> **Exercise description**
From the material below, retype exactly the lines that begin at the line with "おままごとキッチンの棚の上は" and end after the line with "Благодаря большому количеству"; pictures stay out of the copy.

━━━━━ Data for analysis ━━━━━

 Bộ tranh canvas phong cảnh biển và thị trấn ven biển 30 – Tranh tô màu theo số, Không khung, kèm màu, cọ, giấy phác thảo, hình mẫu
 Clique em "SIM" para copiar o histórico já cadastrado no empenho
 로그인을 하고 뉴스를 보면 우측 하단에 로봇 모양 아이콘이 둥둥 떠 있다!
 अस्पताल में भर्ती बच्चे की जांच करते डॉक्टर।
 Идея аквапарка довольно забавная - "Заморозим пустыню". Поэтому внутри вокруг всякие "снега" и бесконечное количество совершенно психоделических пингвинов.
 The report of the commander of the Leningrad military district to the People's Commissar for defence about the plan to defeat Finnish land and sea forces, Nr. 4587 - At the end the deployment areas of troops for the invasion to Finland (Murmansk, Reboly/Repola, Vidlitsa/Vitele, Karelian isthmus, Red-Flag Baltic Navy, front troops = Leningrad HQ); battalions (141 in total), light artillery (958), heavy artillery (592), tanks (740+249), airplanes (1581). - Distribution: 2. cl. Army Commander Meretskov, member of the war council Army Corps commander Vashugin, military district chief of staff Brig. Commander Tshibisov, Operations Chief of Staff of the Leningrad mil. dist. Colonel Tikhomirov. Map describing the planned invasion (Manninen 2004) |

━━━━━
━━━━━ Data for analysis ━━━━━

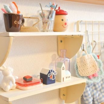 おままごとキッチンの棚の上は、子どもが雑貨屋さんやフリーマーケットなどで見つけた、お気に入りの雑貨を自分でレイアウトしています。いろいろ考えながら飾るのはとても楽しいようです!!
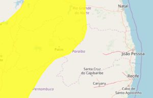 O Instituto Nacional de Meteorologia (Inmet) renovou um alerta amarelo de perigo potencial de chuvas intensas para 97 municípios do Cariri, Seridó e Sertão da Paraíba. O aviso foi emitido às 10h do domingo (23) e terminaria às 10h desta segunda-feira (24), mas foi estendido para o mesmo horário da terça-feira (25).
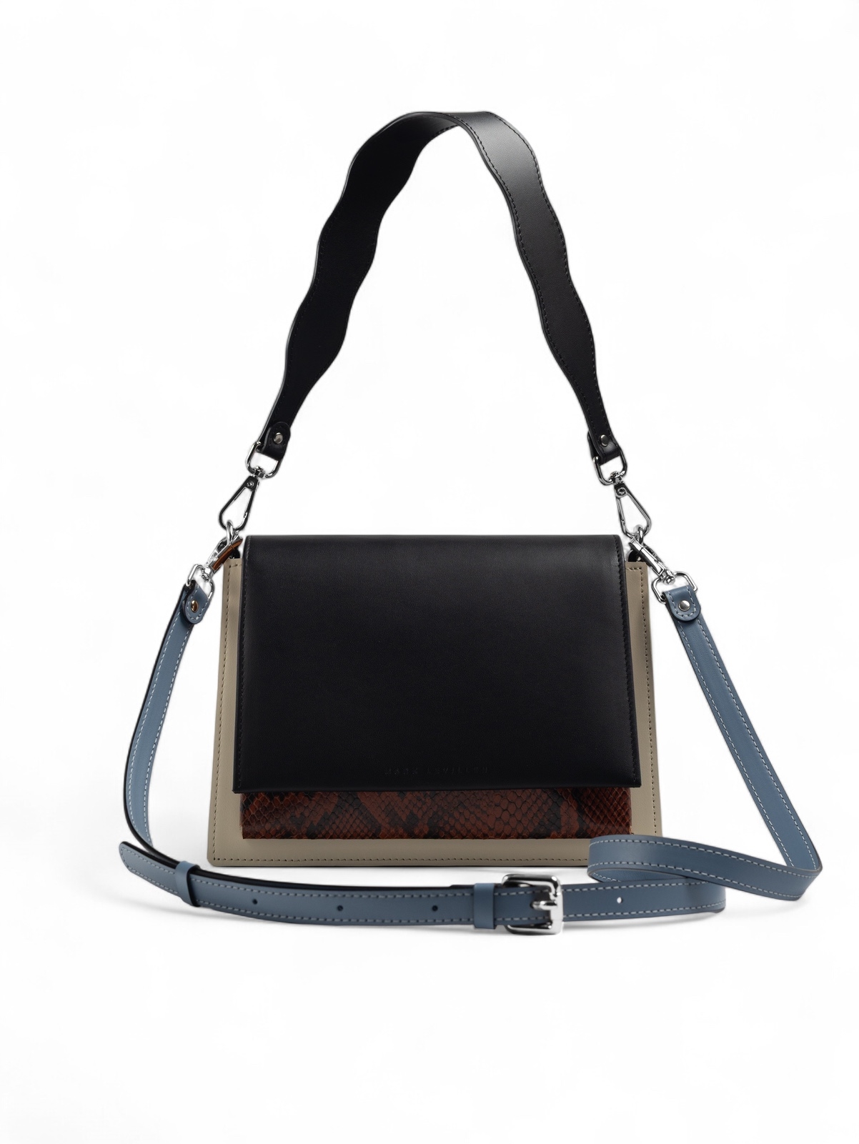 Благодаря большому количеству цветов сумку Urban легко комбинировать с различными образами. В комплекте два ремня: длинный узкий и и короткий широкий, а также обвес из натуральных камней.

━━━━━

> **Solution**
 おままごとキッチンの棚の上は、子どもが雑貨屋さんやフリーマーケットなどで見つけた、お気に入りの雑貨を自分でレイアウトしています。いろいろ考えながら飾るのはとても楽しいようです!!
 O Instituto Nacional de Meteorologia (Inmet) renovou um alerta amarelo de perigo potencial de chuvas intensas para 97 municípios do Cariri, Seridó e Sertão da Paraíba. O aviso foi emitido às 10h do domingo (23) e terminaria às 10h desta segunda-feira (24), mas foi estendido para o mesmo horário da terça-feira (25).
 Благодаря большому количеству цветов сумку Urban легко комбинировать с различными образами. В комплекте два ремня: длинный узкий и и короткий широкий, а также обвес из натуральных камней.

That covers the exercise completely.